Va però ricordato che già Omero, sia nell’Odissea che nell’Iliade, elenca i quattro venti principali: Borea, Euro, Noto e Zefiro. Nell’antica Grecia i marinai utilizzavano punti di riferimento costieri ben visibili e conosciuti, ma per la navigazione in alto mare si affidavano alla conoscenza dei venti soprattutto quando il cielo era coperto e non consentiva di osservare la posizione di sole e stelle per mantenere la rotta.

Sempre in Grecia, nell’Agorà romana di Atene, nel 50 a.C. o, secondo alcune fonti, nel II secolo a.C., fu costruita la Torre dei Venti, una struttura alta 12 metri e dal diametro di circa 8 metri sulla cui sommità un segnavento a forma di Tritone indicava la direzione del vento. Inoltre, un fregio raffigura le otto divinità dei venti: Borea (N), Kaikias (NE), Euro (E), Apeliote (SE), Austro (S), Lips (SO), Zefiro (O) e Skiron (NO).

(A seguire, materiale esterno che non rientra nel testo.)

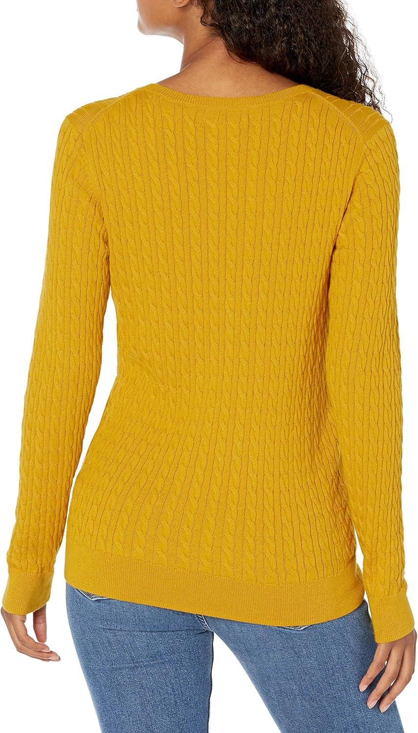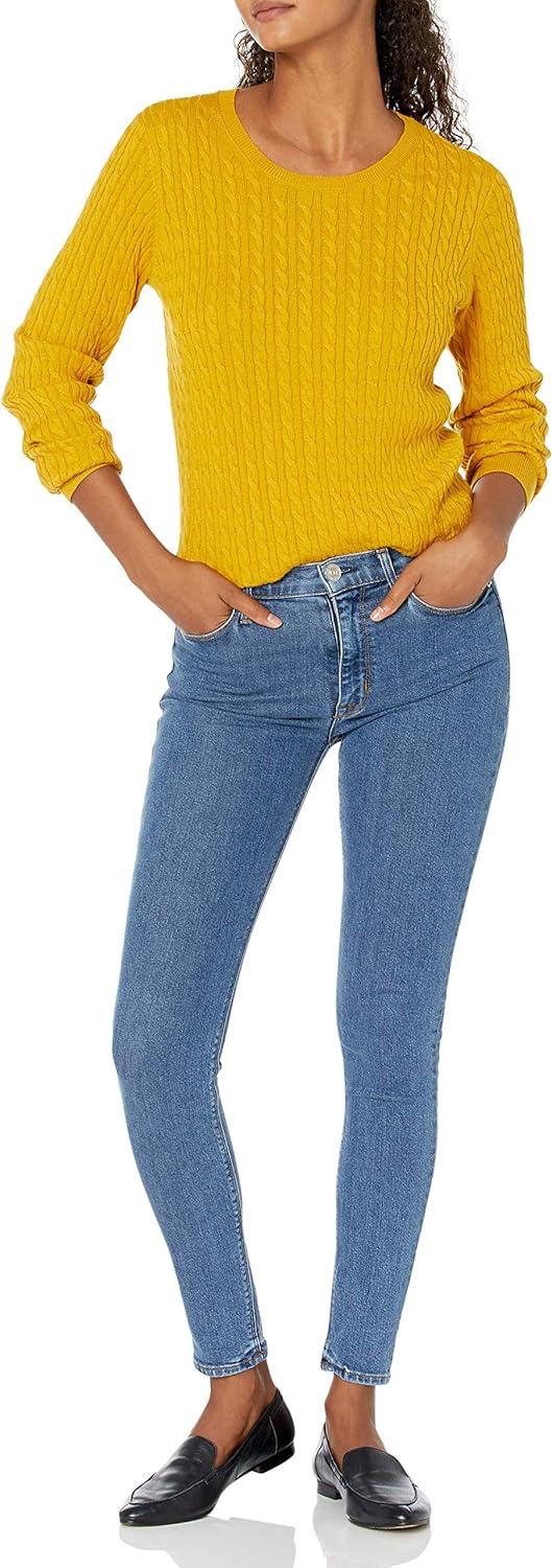 Amazon Essentials Women’s Lightweight Long-Sleeve Cable Crewneck Sweater (Available in Plus Size)(Gold)

Il sistema greco dei venti fu utilizzato e studiato anche dai Romani in particolare da Seneca, Plinio il Vecchio e Aulo Gellio.

L’immagine della rosa dei venti è diventata famosa e ha iniziato a diffondersi negli anni delle Repubbliche marinare quando il simbolo dei venti era posizionato al centro del mar Mediterraneo e più precisamente sull’isola greca di Zante.

Seguendo le indicazioni della stella dei venti, il vento di Tramontana proveniva dai monti dell’Albania mentre Maestrale era il nome che indicava la via maestra, ovvero la rotta, per Venezia considerata la repubblica marinara più importante. In epoca romana, invece, la via maestra era quella che aveva Roma, Magistra Mundi, come punto di partenza o destinazione. Infine, nelle antiche carte nautiche lo Scirocco era indicato come il vento che proveniva dalla Siria mentre il Libeccio arrivava dai territori dell’attuale Libia.